A while ago I was thinking about $C_3*C_4$, thinking it was obvious that this group should not be a one-relator group. I am pretty sure at one point I came up with an argument but it seemed awfully complicated, and using specific information about one-relator groups for something that "feels" obvious.


Using the comments below as a guide, one can prove that if the abelianization of $A,B$ is finite and $\rho(A)=r(A),\rho(B)=r(B)$ where $r(G)$ is the rank of the group (minimum number of generators), then we can get that $\rho(A*B)=\rho(A)+\rho(B)$.

  • It is known that $r(A*B) =r(A)+r(B)$, this can be found in Ch IV Cor 1.9 in Lyndon and Schupp.
  • We also have that $\rho(A*B) \leq \rho(A)+\rho(B)=r(A)+r(B)$.
  • If $\rho(A*B) < r(A*B)$, then a presentation witnessing that inequality can be shown to have an infinite abelianization, since the number of generators would be strictly greater than the number of relations (see this answer). This contradicts that the abelianization of $A*B$ is finite.

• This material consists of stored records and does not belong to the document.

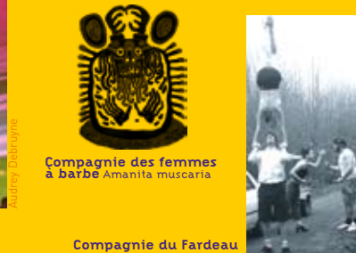
Compagnie du Fardeau

BALADEU'X (Belgique) Rires et rides • Cirque dansé et intergénérationnel (30 min) / création 2009 • Samedi 16h15 et 19h15, dimanche 16h15 • Parc, espace 4 Autour d'une balançoire, un jeune garçon énergique et insouciant et une dame courbaturée vont développer une relation drôle, touchante et culottée. Balles de rebond, mouvements acro-portés, détournement d'objets et surprises manipulatoires jalonnent ce moment sensible et plein d'humour.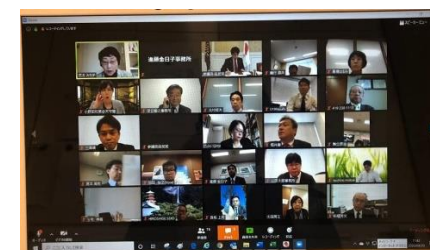
オンライン会議で参議院自民党勉強会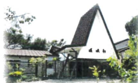
亀山湖水亭嵯峨和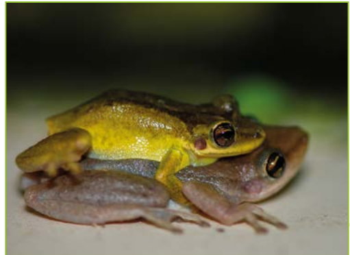
Eleutherodactylus johnstonei – Hylode de Johnstone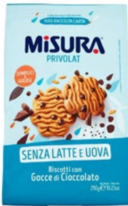
MISURA PRIVOLAT Biscotti con gocce di cioccolato Chocolate chips biscuits Cod: 0013014 - 290 g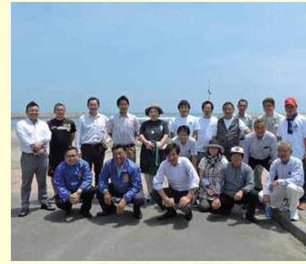
5月19日。サンビーチーツ葉で毎年恒例となっている高齢者福祉アクティビティを開催。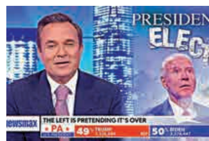
▲Newsmax仍聲稱拜登沒有勝選 網絡圖片

右翼主流媒體霍士新聞一向被視為特朗普支持者，但今年大選期間多次「背叛」，包括搶先宣布拜登在亞利桑那勝出，令特朗普大失所望。12日，特朗普在推特上批評霍士新聞「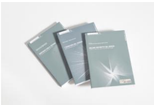
SDI - Sistema Design Italia

La giuria, prendendo atto del valore della ricerca già precedentemente effettuata nell'ambito della produzione di beni di consumo della categoria "usa e getta", mette in evidenza il risultato lodevole di questo ulteriore sviluppo, cogliendo il valore degli ultimi studi, tradotti in oggetti di consumo con il beneficio della biodegradabilità.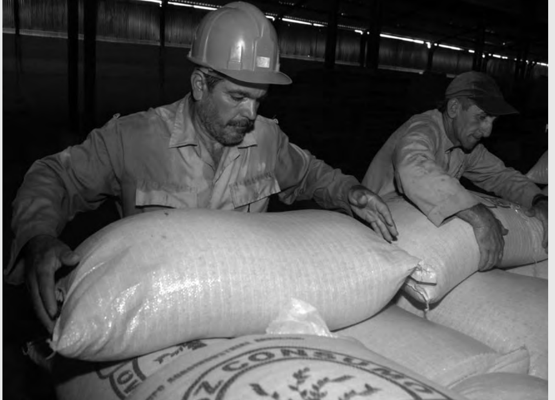
Complejo Agroindustrial Arrocero, municipio Aguada de Pasajeros (Cienfuegos).

En los contextos sociales del siglo XXI y su transición socialista, además de la implementación de los resortes del mercado (cuentapropismo, sistema fiscal y de precios incluido), son cuatro los elementos básicos que a nuestro entender deben garantizarse para que el sistema empresarial estatal socialista cubano logre el autogobierno responsable anhelado y los cito: un fuero legal que lo establezca, lo garantice y lo proteja; que los empresarios puedan y se les permita decidir, poder mandar en pos del alcance de sus objetos sociales y misiones; que los trabajadores de estas entidades puedan retener una parte de las utilidades o resultados finales alcanzados, luego de haber cumplido con un sistema fiscal estimulante y com-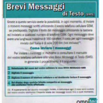
Retro del pieghevole inserito nelle 74 , 75, 76, 77 .

Ci sono : Segreteria Telefonica così “ Potete ascoltare i vostri messaggi chiamando il numero 2020 dal vostro telefono cellulare secondo i costi previsti dal vostro piano telefonico . “ Brevi Messaggi di Testo così “ avete la possibilità di inviare o ricevere messaggi scritti di una lunghezza massima di 160 caratteri “.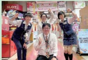
ドキわくランド北山田店 一同

約1年が経ち、お客様からも自然とお菓子の寄付BOXに入れて頂く事が増えました。今後もこのような取組を積極的に進め、地域に貢献していきたいと考えております。今後とも宜しくお願い致します。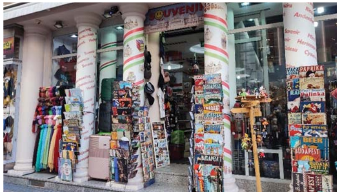
VÁCI UTCA – TURISTA BÓVLI MINDEN MENNYISÉGBEN

Öröm végig sétálni az Andrássy úton is. A palotákat rendbe hozták. Az más kérdés, hogy ki engedhet meg magának ott egy lakást. A Kodály köröndön havi 355 ezerért már lehet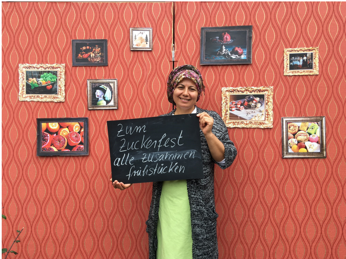
Bild aus der Aktion Wohnzimmergespräche „Familienfeiern“

es der Wiederholung und damit Intensivierung bedarf, um die Bewohner*innen der Lenzsiedlung so anzusprechen, dass sie auch tatsächlich an Aktionen teilnehmen. Dies konnte leider aufgrund der wechselnden Rahmenbedingungen durch die Covid 19-Pandemie und die auf vier Jahre begrenzte Laufzeit des Projekts nicht erprobt und ausgewertet werden.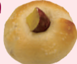
いもジェンヌベーグル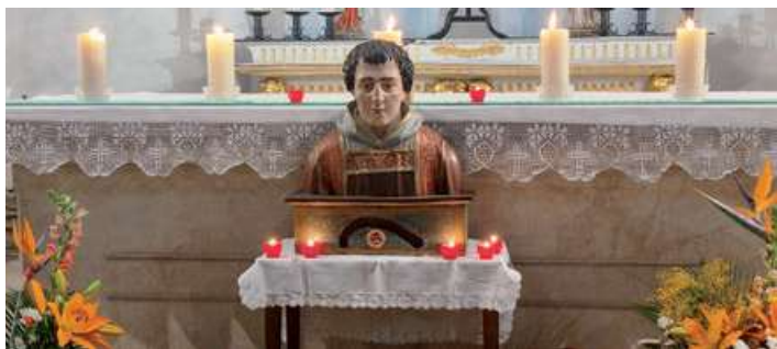
Reliquaire de saint Gaucher à Gargenville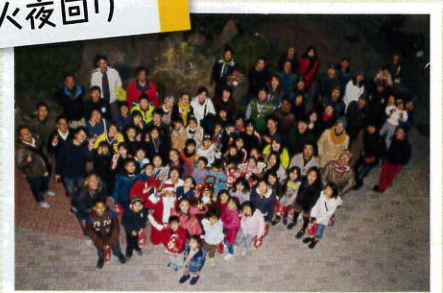
3コースに分かれて防火夜回り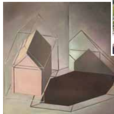
Haus im Haus, 2011, Öl auf Holz, 20x20 cm

E=Einzelausstellung; DA=Doppelausstellung; K=Katalog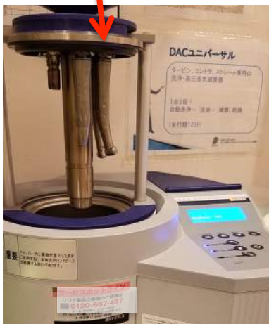
DACユニバーサルによるメンテナンスの流れ

バー（歯や被せ物を削る道具）も使用後には洗浄、パックに入れ、その後滅菌しております。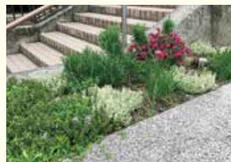
『ハーブの寄せ植え』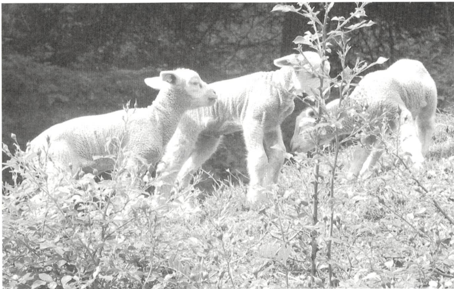
Auch den Schafen gefällt's in Passugg

Während dem Pressetag spürte man die Freude am Erreichten aber auch den Willen und die Initiative, Neues anzupacken. Man spürte und sah vor allem auch, dass der Wille Berge versetzen kann. Die herzliche Gastfreundschaft und die überaus sympathische, bescheidene und informative Präsentation der Bildungsstätte für Gehörlose, Schwerhörige und Ertaubte hinterliess zu Recht einen starken Eindruck.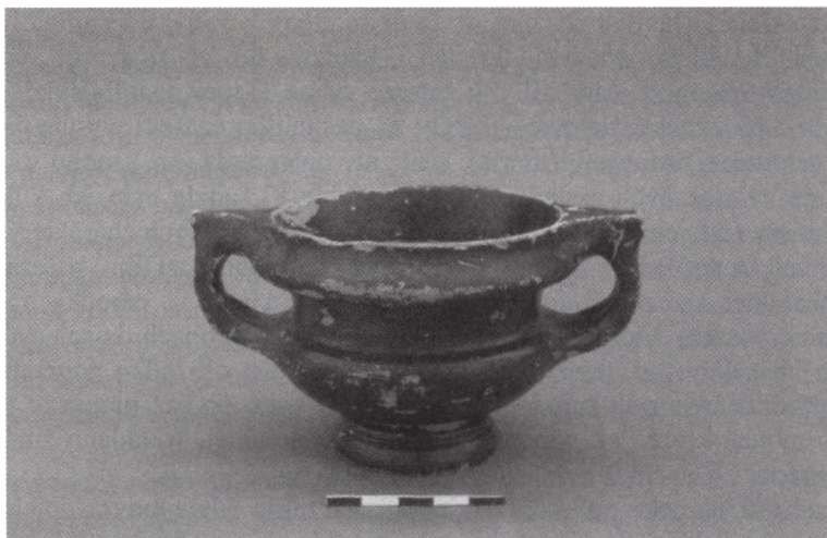
7. Koszary, nekropola, czarnopokostowany kantaros ateński z grobu 182, 3 ćw. IV wieku p.n.e.

ofiarnymi. W kampanii 2001 roku odkryto w „warstwie kulturowej” cmentarzyska wbite pionowo szyje amfor, które również służyły jako botrosy do spełniania libacji, czyli ofiar płynnych. Do podobnych celów również przeznaczone były, wspomniane wyżej, kamienne ołtarze.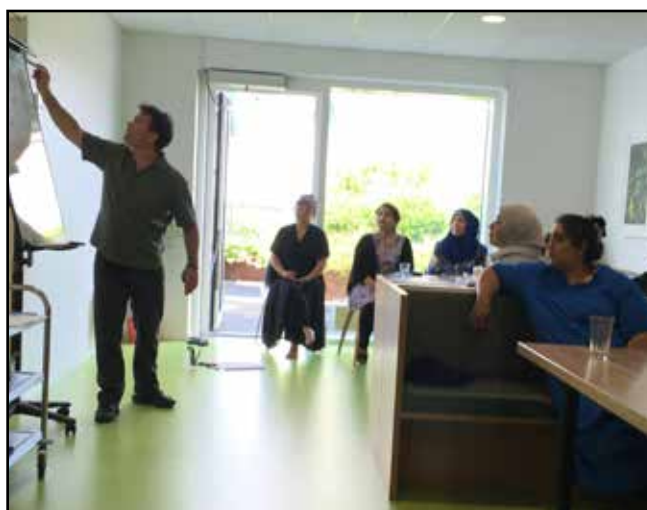
Der var stor koncentration ved det indledende oplæg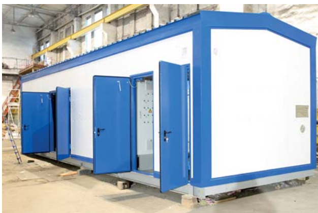
Внешний вид готового изделия

Блок-бокс представляет собой каркасно-панельное решение с размещенным внутри технологическим оборудованием, КИПиА и инженерными коммуникациями. Каркасом служат сварные стальные конструкции, а для стен и кровли применяются специальные сэндвич-панели.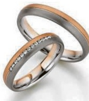
Mehrfarbige Trauringe ermöglichen zahlreiche Kombinationen.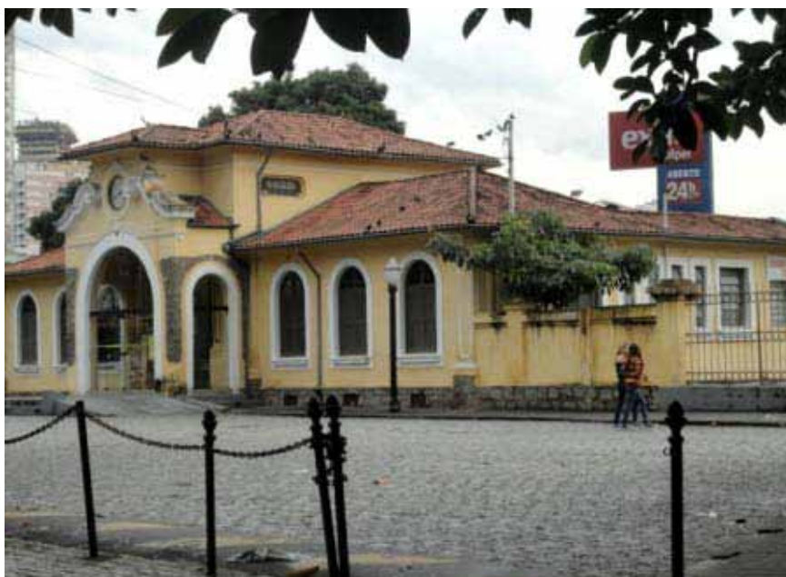
Figura 3 – Faixada da Estação da Cidadania e Cultura.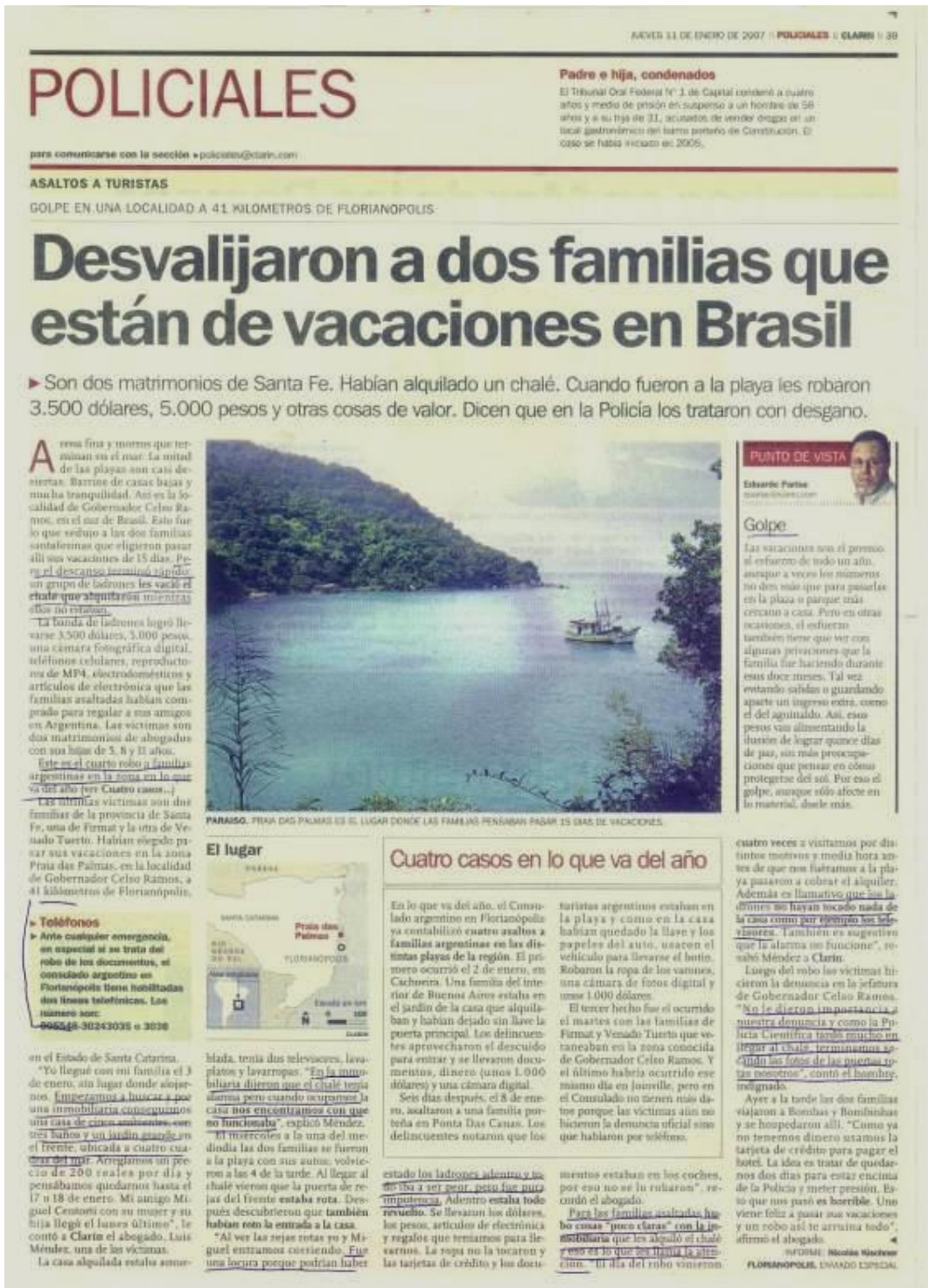
Figura 7 – Clarín 11 de janeiro de 2007

So finite free products of finite cyclic groups works and other groups too.


I could see a careful analysis the abelianization of f.g. groups giving more more information. And it does seem that a somewhat related concept, group deficiency, is related to some cohomology groups (I don't know any cohomology, but I would welcome an answer, even if it used cohomology).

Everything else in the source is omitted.